I tell him. “You know how to focus and pay attention; you know how to put things together in a way that makes sense. It is just a question of changing the program a little.”  He smiles. Amy looks at me, doubt all over her face. But four months later, she too is smiling. What has Paul learned?

He learned that love is an exquisitely logical survival code designed to keep special others we can depend on close to us and that his intellectual explanations and emotional distancing were danger cues for his lonely wife. He learned to let his wife know when her criticism hurt rather than exiting into logic and distance. Reading the research of Nancy Eisenberger from UCLA helped him grasp how his brain coded rejection from his wife as a threat to survival, responding in the exact same way as to physical pain, cueing his freeze and flee response.

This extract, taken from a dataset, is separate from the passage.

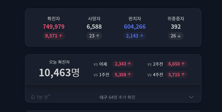社会福祉部中央事故収拾本部の孫映レ(ソン・ヨンレ)社会戦略班長は25日午前、CBSラジオ番組『キム・ヒョンジョンのニュースショー』に出演し、この日感染者数が初めて8000人を突破したことについて「今後も増加を続けるだろう」としながら「今後2~3週間あるいは2月内におそらく2~3万人程度、あるいはそれ以上にもなるかもしれないとみているところだ。オミクロン株はデルタ株よりも拡散速度が2~3倍になるので感染者の増加は避けられない」と明らかにした。- 16
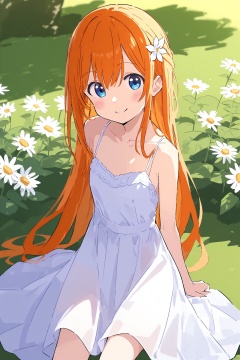 1girl, solo, long hair, blue eyes, dress, sitting,purple hair, white dress, looking at viewer, blush, smile, sleeveless, sleeveless dress, closed mouth, bare shoulders, very long hair, bangs, plant, bare arms, outdoors, sundress, hair flaps, feet out of frame, collarbone, flower, loli, petite, light orange hair, flower field

He discovered how to tune into the emotional channel, share his fears of rejection and explicitly ask for the reassurance he needed, and encourage his wife to do that same. We call this a Hold Me Tight conversation and across nine studies it consistently predicted successful relationship repair.

Paul had the usual reservations about asking for caring. He, like the rest of us had been taught that needing loving connection was somehow a weakness or a sign of immaturity. Research shows that those of us who can effectively turn to others for support are the most confident, resistant to stress, most able to risk, explore and reach career goals, and also the ones who have the most positive sense of self.  The new research on mirror neurons fascinated him and persuaded him that it was important to turn towards and look directly into Amy’s face to trigger these neurons in his brain and allow him to directly feel in his body the emotions he saw in her face. This way he could grasp her emotional reality, read her intentions, and move in harmony with her.

He told Amy that he shut down to deal with his sense of bewilderment about how to respond to her and that he needed her support. “And I get that I have to stay in the emotional channel and let you know I am there for you,” he began. “That is what matters in love. I don’t always have to have the answer or solve the problem. Just really being there and helping each other with our emotions is the solution.”